Having been burned by hydroxychloroquine and other treatments brought forth without peer review, the response to the announcement was tempered by a desire for more details.

Asked for comment, Steven E. Nissen, MD, of the Cleveland Clinic Foundation, was cautious. “The press release about the trial is vague and lacks details such as hazard ratios, confidence intervals, and P values,” he said in an interview.

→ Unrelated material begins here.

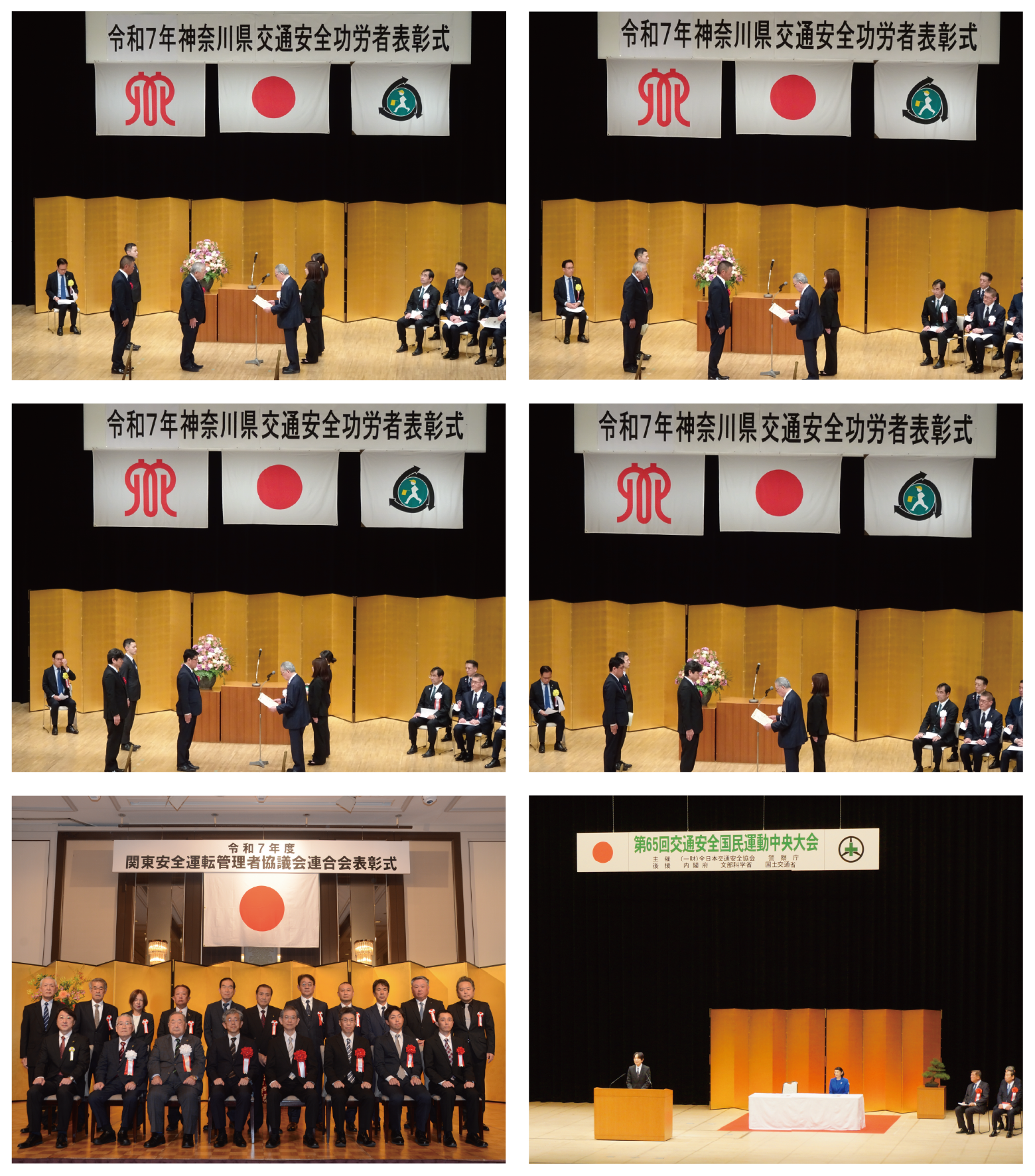交通功労者・優良管理者・優良事業所・優良運転者等に対する国・団体及び県警察への表彰上申や地区管理者会からの表彰上申を受け、連合会表彰基準に基づいて連合会会長表彰を毎年実施し、交通事故防止を行うとともに功労・貢献された方々の賞揚に努めています。

“It is impossible to evaluate the results of this trial without these details. It is also uncertain how rigorously data were collected,” he added. “We’ll need to see the manuscript to adequately interpret the results.”

The evidence in the press release is hard to interpret, but early intervention with anti-inflammatory therapy has considerable biologic appeal in COVID, said Paul Ridker, MD, MPH, who led the pivotal CANTOS trial of the anti-inflammatory drug canakinumab in the post-MI setting, and is also chair of the ACTIV-4B trial currently investigating anticoagulants and antithrombotics in outpatient COVID-19.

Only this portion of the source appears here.